Il fractional manager è un manager di livello dirigenziale che mette la propria esperienza al servizio di più aziende contemporaneamente, dedicando a ciascuna una frazione del proprio tempo, con obiettivi definiti e responsabilità diretta sui risultati. Nella sostanza non è una professione nuova: è la versione part-time del temporary management, lo strumento con cui un’impresa affida la gestione di una funzione, o dell’intera azienda, a un manager esterno per un periodo definito. Capire cosa fa davvero, in cosa si distingue da consulenti e dirigenti e quando conviene è una decisione di governance prima ancora che di costo.
Cos’è un fractional manager
Un fractional manager è un dirigente senior che lavora per un’organizzazione per una quota predeterminata di giornate al mese, entrando nell’operatività anziché limitarsi a consigliare. Decide, guida persone e risponde di obiettivi misurabili. Opera in genere su tre o quattro clienti in parallelo, ciascuno con un mandato circoscritto. Il termine «fractional» descrive proprio questo: il tempo frazionato come modalità di ingaggio.
La distanza dalla consulenza non sta nel numero di clienti, che è simile, ma nella natura del mandato. Il consulente analizza e raccomanda; il fractional manager riceve deleghe operative e porta a casa il risultato.
Le competenze che lo definiscono
Un fractional manager efficace unisce profondità tecnica e capacità di inserirsi in fretta in contesti diversi:
- Esperienza comprovata nella funzione specifica, maturata in ruoli apicali in aziende strutturate o multinazionali.

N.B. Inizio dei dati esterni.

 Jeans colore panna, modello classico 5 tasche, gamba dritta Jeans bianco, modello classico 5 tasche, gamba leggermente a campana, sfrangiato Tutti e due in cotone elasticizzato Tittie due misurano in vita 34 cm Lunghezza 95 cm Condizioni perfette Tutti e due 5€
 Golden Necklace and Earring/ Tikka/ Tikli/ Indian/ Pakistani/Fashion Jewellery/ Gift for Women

- Capacità di tradurre metodologie e standard delle grandi organizzazioni nella realtà della PMI.
- Orientamento agli obiettivi e alle scadenze, non alla presenza.
- Adattabilità, intelligenza emotiva e capacità di costruire fiducia in poche settimane.

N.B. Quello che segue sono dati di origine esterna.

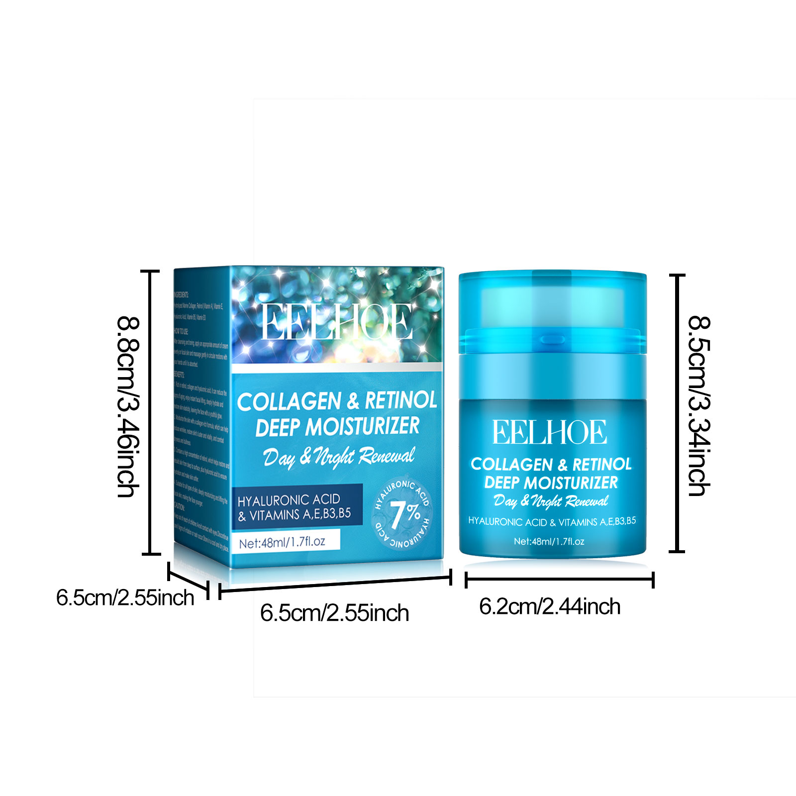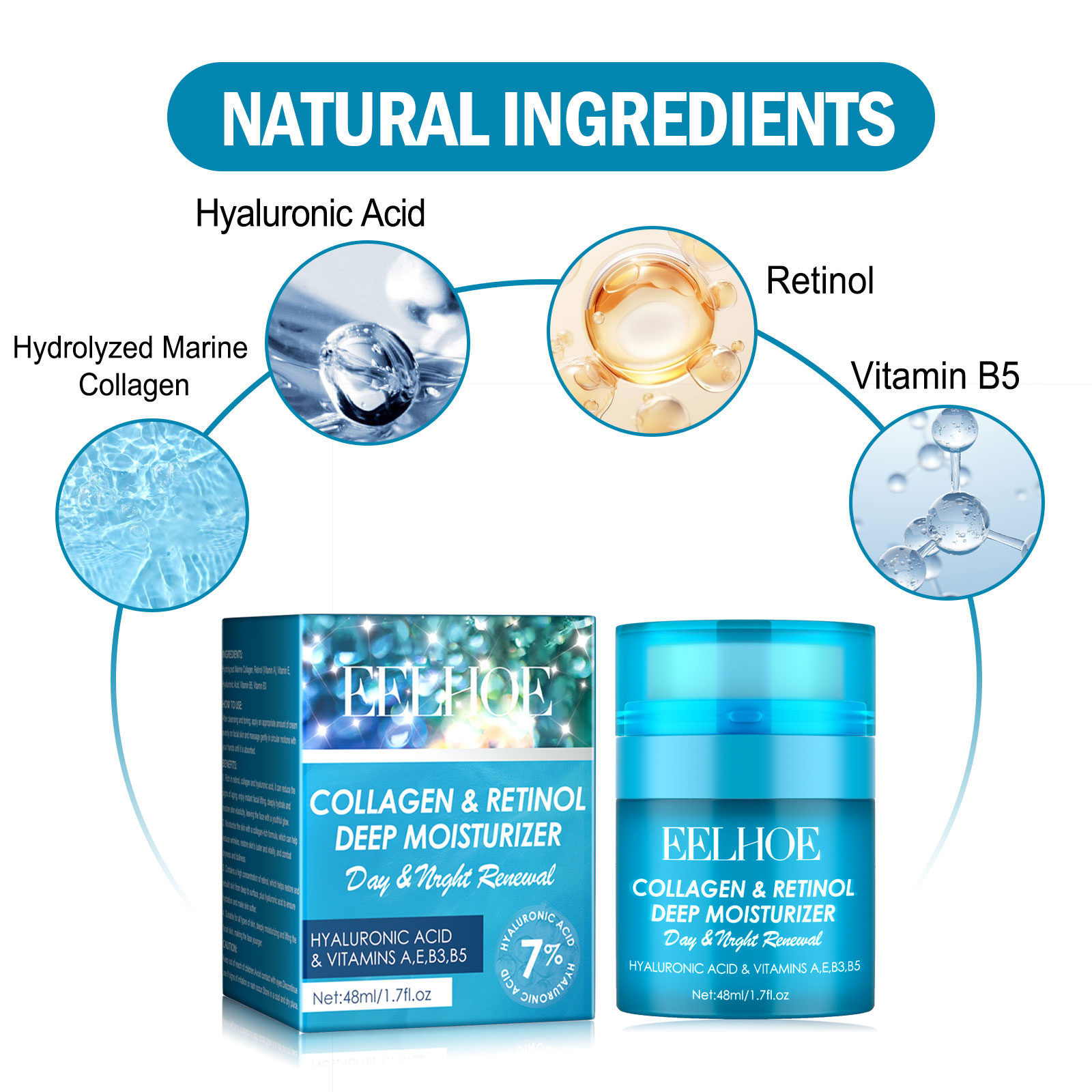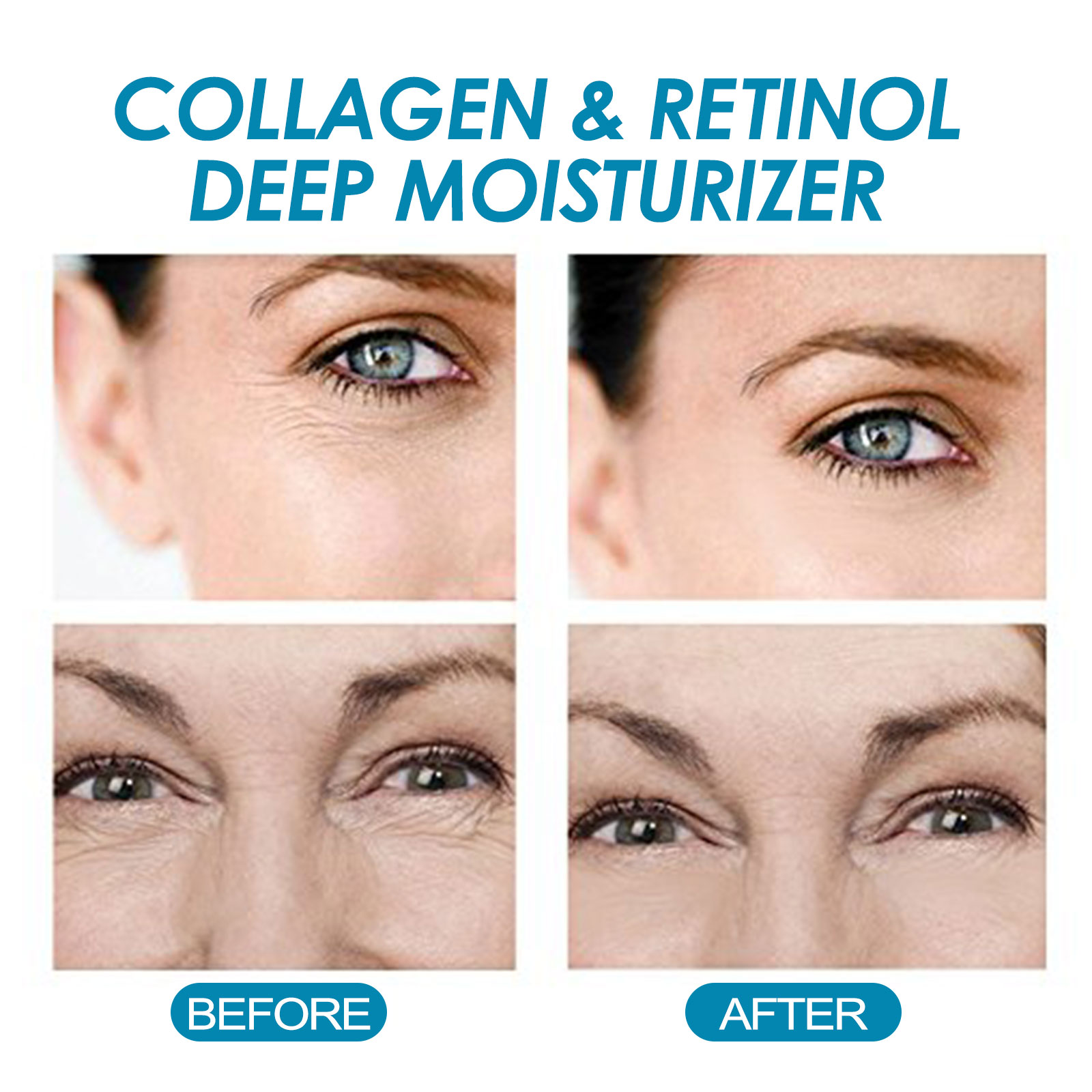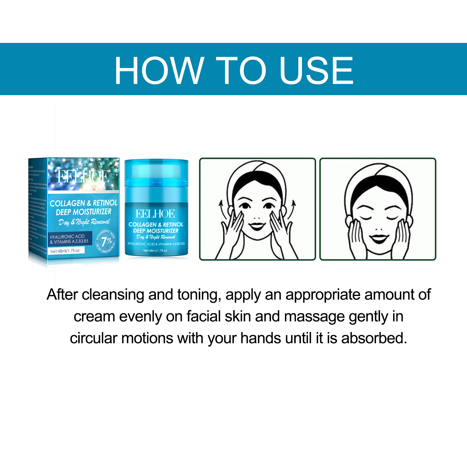 Our retinol deep moisturizer contains hydrolyzed Marine collagen, retinol (vitamin A), and vitamin E. It reduces wrinkles and fine lines, collagen enhances skin elasticity and firmness, promotes nutrition and protection. Its use method is very simple: after cleansing and toning, take appropriate amount of cream evenly apply to the face skin, gently massage with your hand until absorbed. Moisturizing and deep moisturizing.
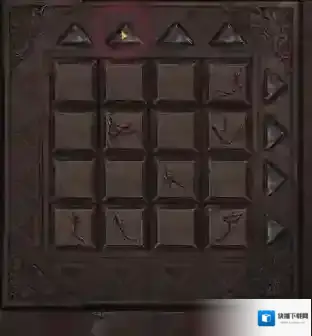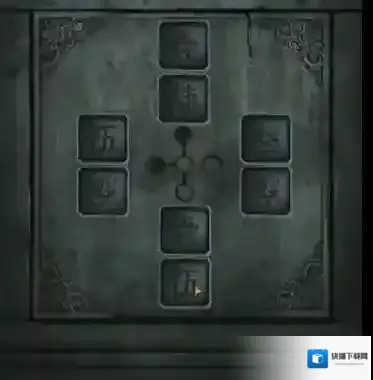 2、门旁边有一个机关,移动方块到正确的位置上发光,机关解开方式如下图,获得一个轮状零件。

- Un network professionale, costruito negli anni, spesso prezioso quanto le competenze tecniche.
Fractional, temporary e interim: la stessa radice, modalità diverse
La professione nasce molto prima del termine «fractional». L’interim management compare nei Paesi Bassi nei primi anni Settanta, come risposta a mercati del lavoro rigidi: manager esperti chiamati a tempo per implementare decisioni, non per suggerirle. Il modello britannico lo orienta poi verso crisi e ristrutturazioni. In Italia arriva alla fine degli anni Ottanta. La storia del temporary management ricostruisce questo percorso.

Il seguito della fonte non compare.